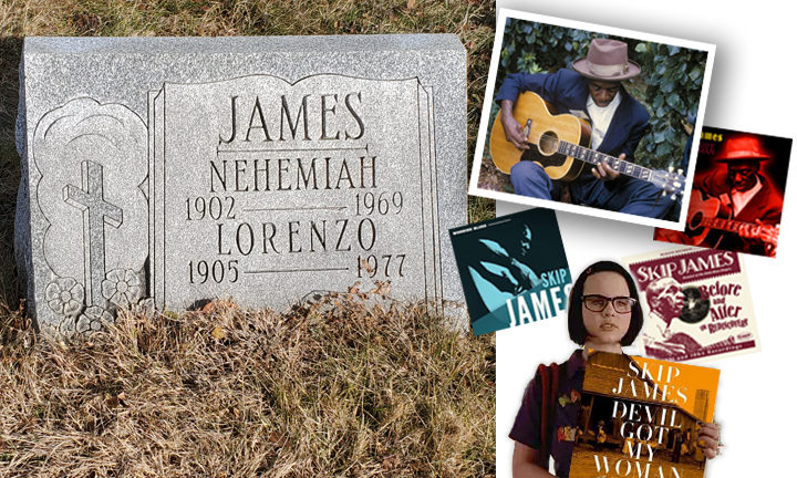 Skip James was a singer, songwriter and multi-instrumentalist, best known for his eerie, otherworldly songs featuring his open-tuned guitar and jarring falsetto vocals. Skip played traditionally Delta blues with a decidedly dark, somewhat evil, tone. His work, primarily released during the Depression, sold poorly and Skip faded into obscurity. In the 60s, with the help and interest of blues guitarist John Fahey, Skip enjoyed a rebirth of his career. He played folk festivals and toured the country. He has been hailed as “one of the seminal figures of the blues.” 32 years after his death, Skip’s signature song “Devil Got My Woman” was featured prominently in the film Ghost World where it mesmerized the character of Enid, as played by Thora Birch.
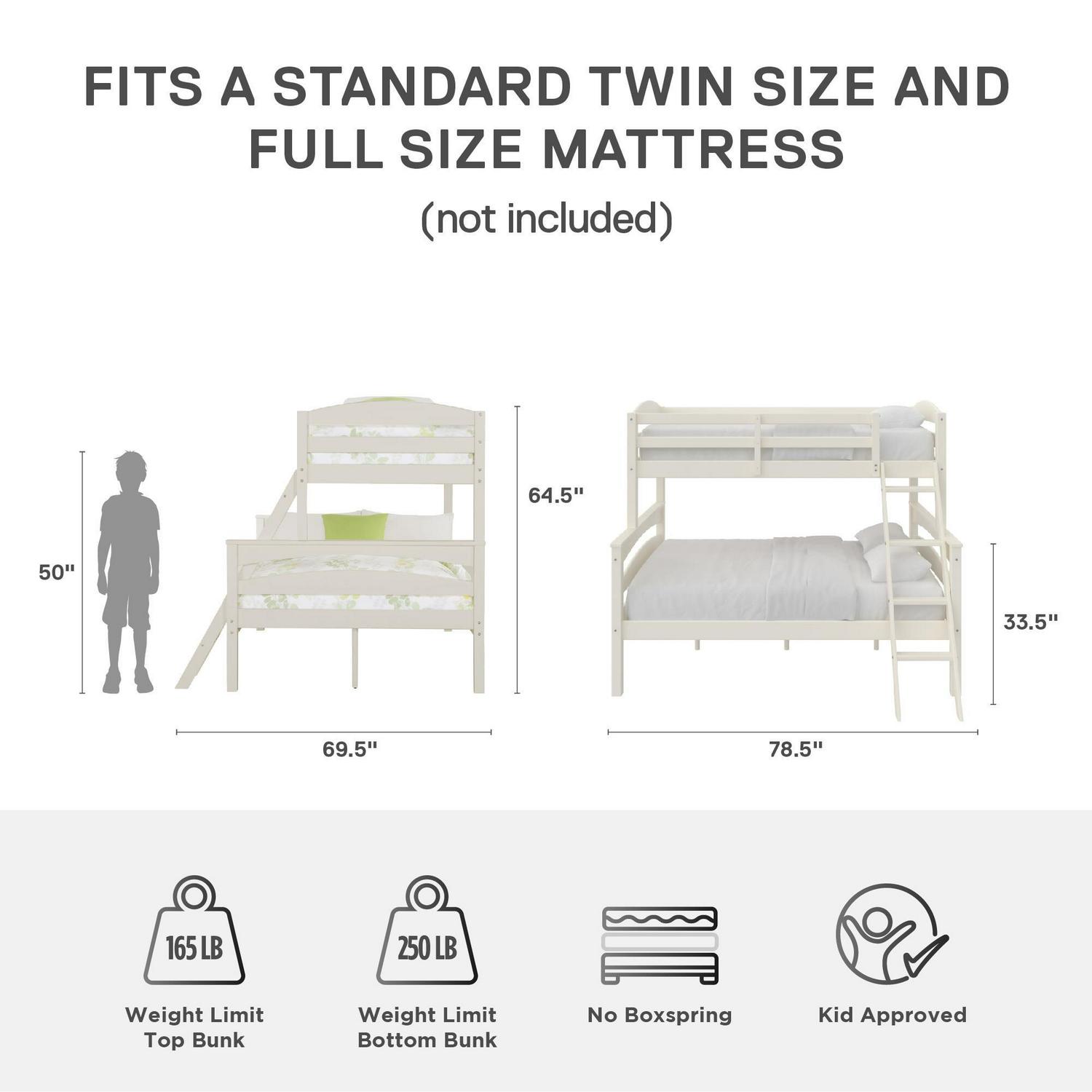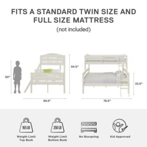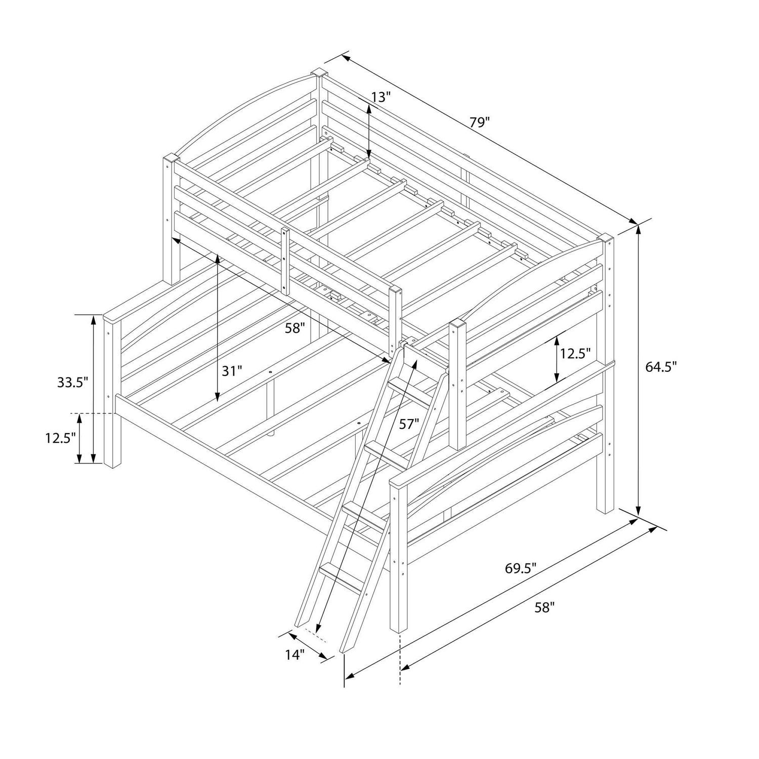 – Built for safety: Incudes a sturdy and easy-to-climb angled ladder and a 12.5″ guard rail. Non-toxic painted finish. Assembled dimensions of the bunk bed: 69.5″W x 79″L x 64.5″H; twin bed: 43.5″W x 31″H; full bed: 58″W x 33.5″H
________
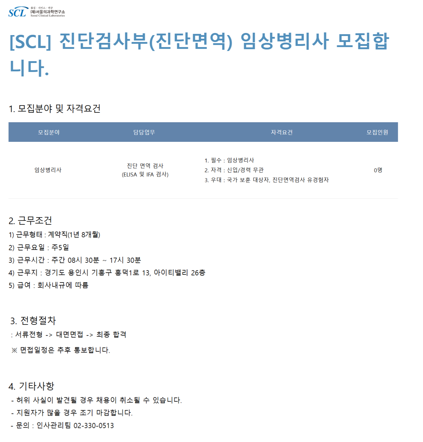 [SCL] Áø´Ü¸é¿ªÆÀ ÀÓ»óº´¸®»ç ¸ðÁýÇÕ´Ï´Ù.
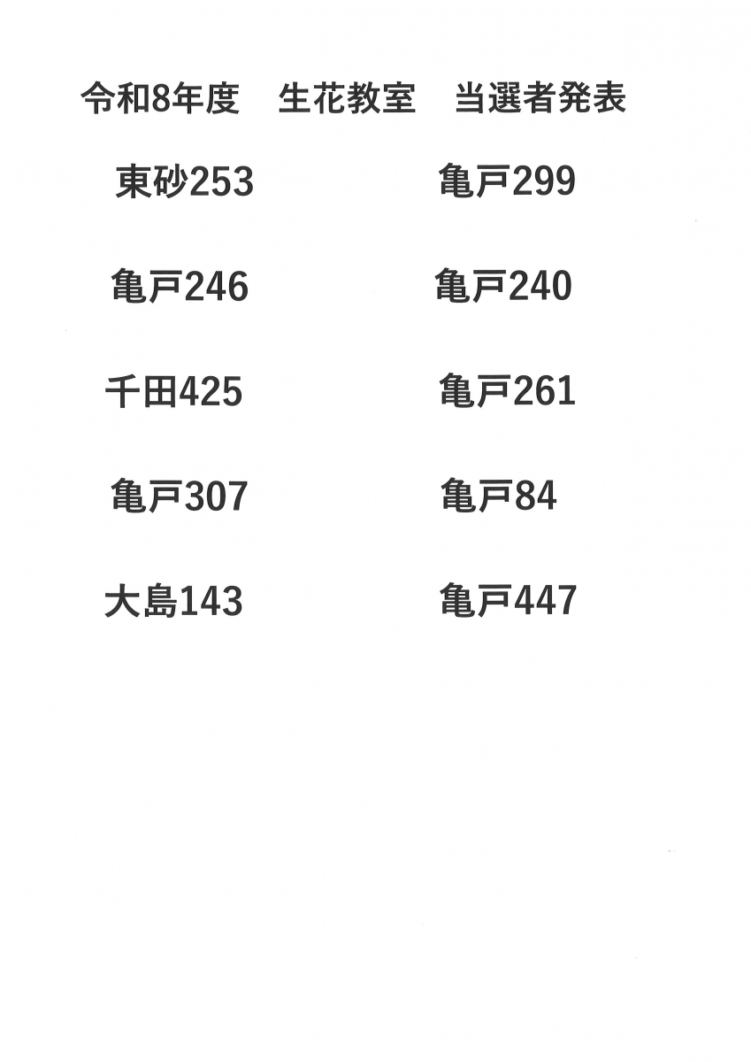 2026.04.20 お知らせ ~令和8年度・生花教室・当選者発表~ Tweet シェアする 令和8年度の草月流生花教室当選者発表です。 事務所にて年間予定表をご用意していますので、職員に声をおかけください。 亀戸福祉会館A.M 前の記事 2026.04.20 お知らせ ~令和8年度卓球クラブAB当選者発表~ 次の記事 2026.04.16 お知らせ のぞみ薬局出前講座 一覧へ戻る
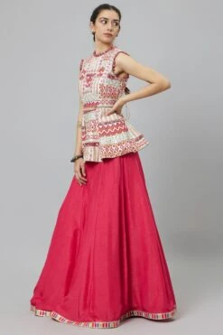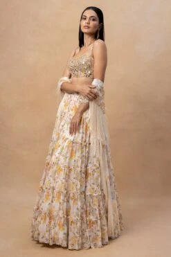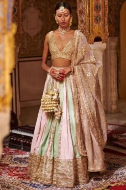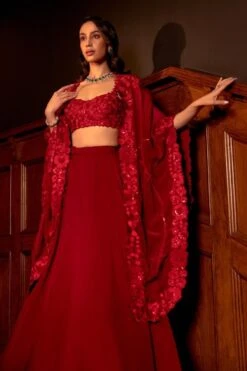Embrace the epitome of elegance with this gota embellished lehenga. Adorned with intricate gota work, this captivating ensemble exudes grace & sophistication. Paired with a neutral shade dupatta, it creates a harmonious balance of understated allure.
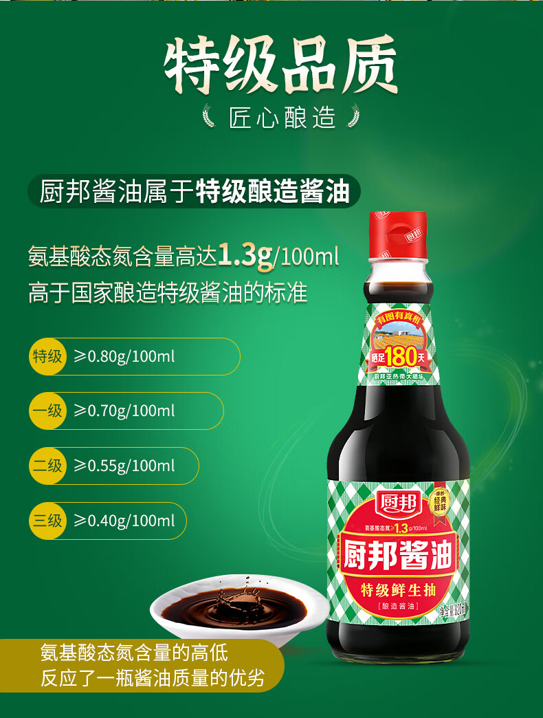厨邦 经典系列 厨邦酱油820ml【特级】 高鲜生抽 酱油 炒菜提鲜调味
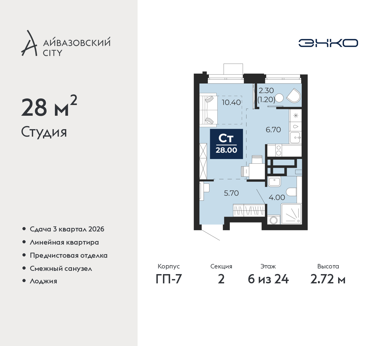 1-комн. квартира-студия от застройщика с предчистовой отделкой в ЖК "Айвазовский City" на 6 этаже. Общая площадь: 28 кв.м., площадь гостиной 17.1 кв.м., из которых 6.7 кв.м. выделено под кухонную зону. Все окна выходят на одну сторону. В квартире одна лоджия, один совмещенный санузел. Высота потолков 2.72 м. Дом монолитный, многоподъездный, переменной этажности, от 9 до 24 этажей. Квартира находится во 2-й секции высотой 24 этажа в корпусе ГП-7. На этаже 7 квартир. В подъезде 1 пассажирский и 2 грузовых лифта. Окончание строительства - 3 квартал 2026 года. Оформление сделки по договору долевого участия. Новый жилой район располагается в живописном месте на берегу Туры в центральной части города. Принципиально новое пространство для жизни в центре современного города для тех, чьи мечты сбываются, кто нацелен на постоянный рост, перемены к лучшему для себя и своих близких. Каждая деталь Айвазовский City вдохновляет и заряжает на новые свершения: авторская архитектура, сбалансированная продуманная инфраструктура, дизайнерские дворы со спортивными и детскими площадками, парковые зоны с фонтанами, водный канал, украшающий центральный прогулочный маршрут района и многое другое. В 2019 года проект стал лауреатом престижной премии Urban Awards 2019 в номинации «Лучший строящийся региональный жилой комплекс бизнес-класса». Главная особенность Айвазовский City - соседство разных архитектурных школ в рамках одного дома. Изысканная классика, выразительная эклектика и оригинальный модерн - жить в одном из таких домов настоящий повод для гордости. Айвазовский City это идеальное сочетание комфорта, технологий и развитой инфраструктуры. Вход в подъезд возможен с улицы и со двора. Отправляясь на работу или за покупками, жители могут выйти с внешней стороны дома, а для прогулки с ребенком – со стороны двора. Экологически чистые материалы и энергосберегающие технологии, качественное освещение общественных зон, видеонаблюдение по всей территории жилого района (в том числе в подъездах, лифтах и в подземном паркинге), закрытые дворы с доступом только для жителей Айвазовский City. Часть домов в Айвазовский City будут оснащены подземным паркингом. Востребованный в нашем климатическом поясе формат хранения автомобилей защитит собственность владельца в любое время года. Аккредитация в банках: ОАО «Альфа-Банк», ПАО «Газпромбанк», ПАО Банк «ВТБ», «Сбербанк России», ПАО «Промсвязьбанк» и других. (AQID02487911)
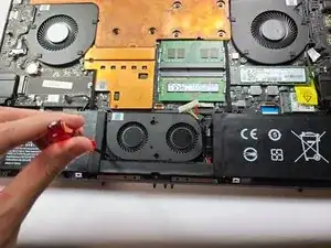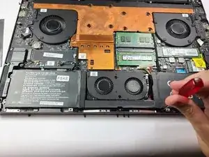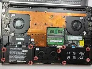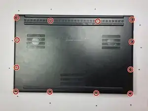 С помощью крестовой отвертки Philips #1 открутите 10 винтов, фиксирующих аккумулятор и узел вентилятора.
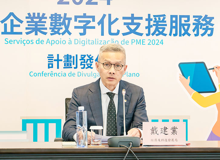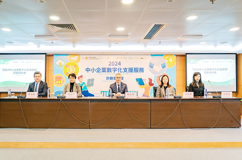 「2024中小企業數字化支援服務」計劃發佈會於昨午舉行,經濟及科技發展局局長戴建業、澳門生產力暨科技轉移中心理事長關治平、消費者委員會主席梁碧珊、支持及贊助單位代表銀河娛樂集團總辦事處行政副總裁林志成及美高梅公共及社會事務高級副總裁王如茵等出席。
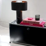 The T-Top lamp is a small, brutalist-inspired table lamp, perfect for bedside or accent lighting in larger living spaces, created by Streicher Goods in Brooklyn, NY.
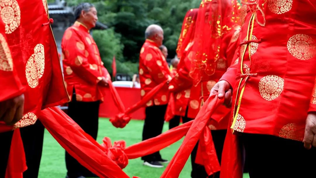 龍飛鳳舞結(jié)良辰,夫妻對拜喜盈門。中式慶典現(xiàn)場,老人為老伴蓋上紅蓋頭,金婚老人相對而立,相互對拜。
________
-- WORK ITEM --
For the material above, give again only the lines starting at the line that contains "The T-Top lamp" and ending at the line that contains "龍飛鳳舞結(jié)良辰,夫". Pictures do not belong in the copy.

-- RESULT --
 The T-Top lamp is a small, brutalist-inspired table lamp, perfect for bedside or accent lighting in larger living spaces, created by Streicher Goods in Brooklyn, NY.
 龍飛鳳舞結(jié)良辰,夫妻對拜喜盈門。中式慶典現(xiàn)場,老人為老伴蓋上紅蓋頭,金婚老人相對而立,相互對拜。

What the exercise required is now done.